Ergonomics and wrist pain
Your environment and ergonomics will affect your wrist pain tolerance. Here are some tips to help you modifiy them to reduce carpal tunnel syndrome.
Environment
Different people have different types of bodily circulation. Some have more efficient circulation, and their hands are mostly warm; some (like me), have less efficient circulation, and their hands are often cold.
This is nothing to worry about unless it is chronic – in this case you may have Raynaud’s whereby blood flow to your hands is severely restricted.
You can improve your circulation by staying fit, but circulatory issues are almost certainly not at the heart of why your wrists are sore, just a mild contributing factor. All this is saying is that your body is more suited to a warm climate.
But if you live in a cold climate you absolutely must keep your hands warm as much as you can. Simple woolen gloves are cheap, and sheep don’t need that fleece in summer, so you’re doing the world a favor by reducing the stockpile of wool!

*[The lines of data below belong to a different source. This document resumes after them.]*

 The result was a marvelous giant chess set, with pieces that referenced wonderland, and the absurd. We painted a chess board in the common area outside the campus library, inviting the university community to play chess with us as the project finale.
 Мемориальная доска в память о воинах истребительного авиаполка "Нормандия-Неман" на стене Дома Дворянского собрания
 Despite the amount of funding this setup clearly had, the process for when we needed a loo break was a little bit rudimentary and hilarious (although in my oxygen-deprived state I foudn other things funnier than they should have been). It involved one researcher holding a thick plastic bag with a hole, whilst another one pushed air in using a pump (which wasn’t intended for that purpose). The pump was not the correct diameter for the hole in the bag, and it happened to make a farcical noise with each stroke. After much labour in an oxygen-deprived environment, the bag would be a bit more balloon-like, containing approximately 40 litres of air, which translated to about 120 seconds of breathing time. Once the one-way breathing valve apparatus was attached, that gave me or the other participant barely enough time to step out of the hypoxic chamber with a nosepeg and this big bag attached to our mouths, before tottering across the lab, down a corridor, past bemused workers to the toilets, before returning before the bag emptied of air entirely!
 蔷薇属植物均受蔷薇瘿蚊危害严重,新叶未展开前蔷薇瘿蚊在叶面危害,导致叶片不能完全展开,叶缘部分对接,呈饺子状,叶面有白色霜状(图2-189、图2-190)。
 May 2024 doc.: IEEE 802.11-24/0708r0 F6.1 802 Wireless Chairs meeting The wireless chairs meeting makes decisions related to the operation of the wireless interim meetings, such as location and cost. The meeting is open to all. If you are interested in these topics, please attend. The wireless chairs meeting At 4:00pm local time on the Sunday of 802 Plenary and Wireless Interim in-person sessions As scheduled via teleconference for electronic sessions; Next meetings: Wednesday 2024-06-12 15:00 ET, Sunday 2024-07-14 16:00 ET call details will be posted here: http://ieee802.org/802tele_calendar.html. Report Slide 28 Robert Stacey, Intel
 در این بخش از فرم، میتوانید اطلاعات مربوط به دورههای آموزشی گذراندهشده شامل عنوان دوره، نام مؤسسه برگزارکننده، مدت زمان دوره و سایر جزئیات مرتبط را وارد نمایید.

If you need to carry on working on the computer you can get a heated infrared gloves. While infrared is no longer considered a reliable treatment for sprains and strains, it is excellent for keeping the area warm. Don’t use excessive heat to treat wrist pain, though.

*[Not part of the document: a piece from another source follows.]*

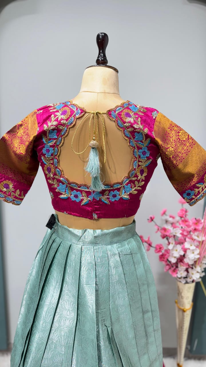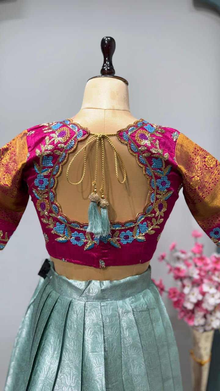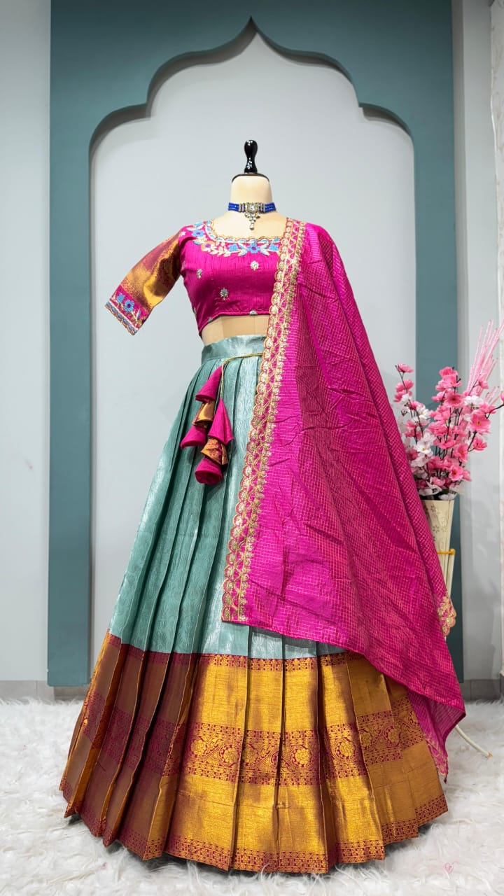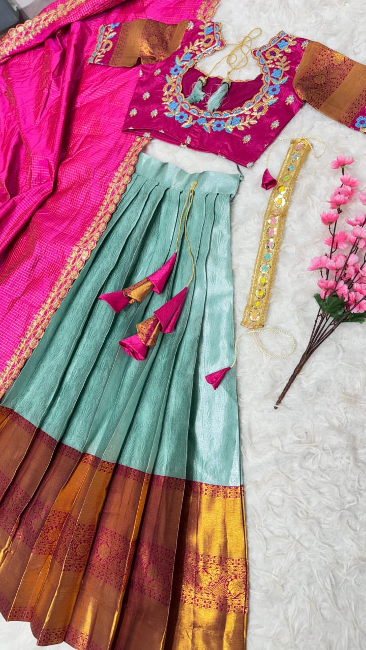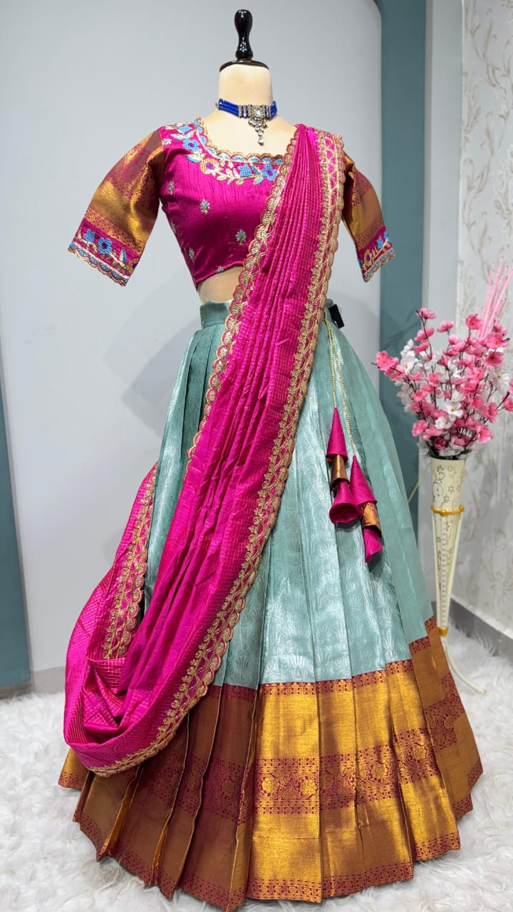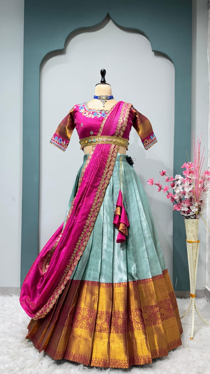 Launch New  Exclusive Designer  Premium Quality Pure  Kanjivaram  silk full stiched Lehenga  With Full stiched    Designer Maggam work  blouse   With Maggam work with Rich butti work with Handwork lace border  dupatta which gives u totally Decent and Extraordinary look For this Festival Marriage Season

Ergonomics – how you do your work
Ergonomics is a huge field of study and we could devote pages and pages to it here, but in my experience it is a minor contributing factor.
The most important thing to do is change your position regularly. If you use your mouse on the right, try switching to the left every so often – it’ll take a few hours to get used to it, but it halves the impact on your wrists.
Better still purchase a couple of different types of computer mice and alternate them. And occasionally use the trackpad if you have a laptop.
Make sure that you adjust the height of your chair, and the distance of your computer keyboard from your desk every day.
On some days you should use a wrist rest for your keyboard (a rolled up towel is fine), and on other days you shouldn’t. Try an ergonomic computer keyboard (but remember that typing isn’t ergonomic, so it’s not a solution in and of itself).
Some days it’s fine to slouch. Slouch backwards, then to one side, then the other side. Now sit upright. Now lean forwards. Now stretch.
Ideally, every few hours, or at least every day, you should change something about how you’re sitting, and the position of the items that you use. The purpose of this is to start using your muscles in a wider range of motion. Don’t move them into a position that’s unduly uncomfortable.